Estas coisas das preferências têm muito que se lhe diga, e se milhares (milhões de pessoas) hão de prometer juras de amor a DOOM como o lugar violentamente demoníaco onde mais foram felizes nos FPS, a minha preferência vai sempre para outro título: Painkiller.
Provavelmente há aqui uma mistura estranha determinda pelo acesso a determinados títulos, onde os óculos da nostalgia nos fazem ainda hoje preferir uns em detrimento de outros, ou talvez a resposta possa ser encontrada pela espectacularidade do armamento que a People Can Fly introduziu no jogo. Desde caçadeiras e outras armas de estacas, lançadores de serras, e uma miríade de estranhos instrumentos para enviar hordas de demónios de volta para o seu local de origem. Ou Massamá.
A realidade é que as décadas vão passando e a influência de DOOM e demais jogos FPS extremamente frenéticos continua a sentir-se um pouco por todo o espectro de lançamento. E Scathe, da Kwalee – empresa que recentemente abriu estúdio em Portugal – é um desses casos.
O problema de tantos jogos que bebem os jorros de sangue de DOOM é que lhes falta, a quase todos, personalidade. Scathe vem cumprir com essa infeliz tradição. Não quero com isto dizer que esperemos de um FPS do género um contexto narrativo, ou algo mais que uma linha que nos explique o que andamos a fazer por corredores pejados de demónios que mais parecem consumidores norte-americanos em manhã de compras na Black Friday, mas o que DOOM faz de bem é deixar que todos os seus elementos mecânicos falem por si e “justifiquem” a sua existência.

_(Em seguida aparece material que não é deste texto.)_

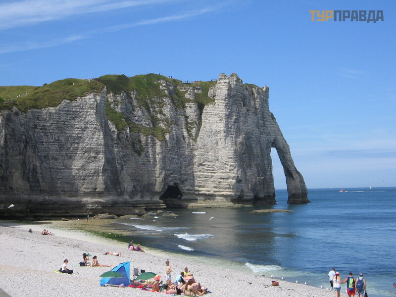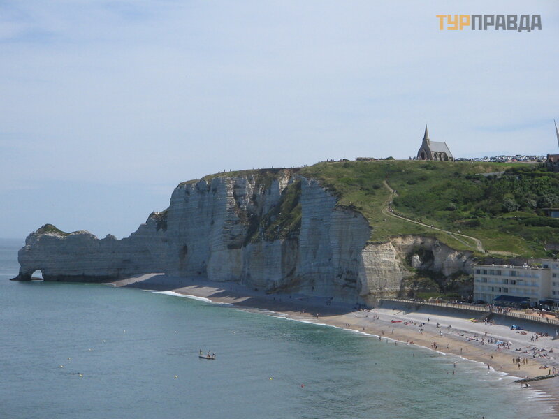 Jeś li kochasz przyrodę , warto wę drować wzdł uż wybrzeż a (wszę dzie są szlaki piesze) nad samym brzegiem, patrzą c w dó ł (schodzenie w dó ł nie jest zalecane, w Kanale La Manche są zauważ alne przypł ywy). Nie wiem, czy moż na czerpać taką samą przyjemnoś ć jesienią z wiatrami znad Atlantyku. Ale latem, w upale, jaki panował wó wczas w Europie, bryza cieszył a. Etretat poniż ej Fé camp (tam wysokoś ć ponad 100 m, tu - 75 m skał a Aval i 84 m Amont).

Sendo sobretudo um bullet hell cruzado com boomer shooter, a dificuldade (e o entretenimento) do jogo são ligeiramente aumentados no modo cooperativo, onde partilhamos os labirintos do jogo com outro jogador. Para obrigar a uma boa coordenação na exploração dos níveis, as vidas são partilhadas por ambos os jogadores, o que pode criar aqueles momentos habituais de tensão.
Scathe é genérico na sua aventura tradicionalista de guerreiro que anda de arma em punho a esventrar demónios. Um jogo do género torna-se memorável pela sua capacidade de ir mais longe, de ser exagerado, de ser over-the-top sobre todos aqueles que foram over-the-top. É isso que DOOM faz a si mesmo, de lançamento em lançamento.
Mas Scathe não. É uma sucessão de corredores onde tudo parece contido, onde existe um certo conservadorismo desinspirado (e desinspirador) na forma como todo o jogo se desenrola. Um teste simples que o tempo provará: em pouco tempo olharemos para vídeos e screenshots de Scathe, e sem contexto não saberemos de que jogo se trata.
A adição de feitiços ao longo do jogo vem apenas contribuir para a sensação genérica de toda a aventura, onde nem as armas têm personalidade suficiente para nos lembrarmos delas.
Num ano em que Metal Hellsinger criou um atenção redobrada pelo género com a sua banda sonora original repleta de grandes nomes do Metal, Scathe vai ficar esquecido a um canto da memória, como apenas mais um boomer shooter que tentou fazer algo diferente mas que lembraremos apenas de forma vaga, como um dos muitos jogos que tentam ser DOOM mas falham redondamente.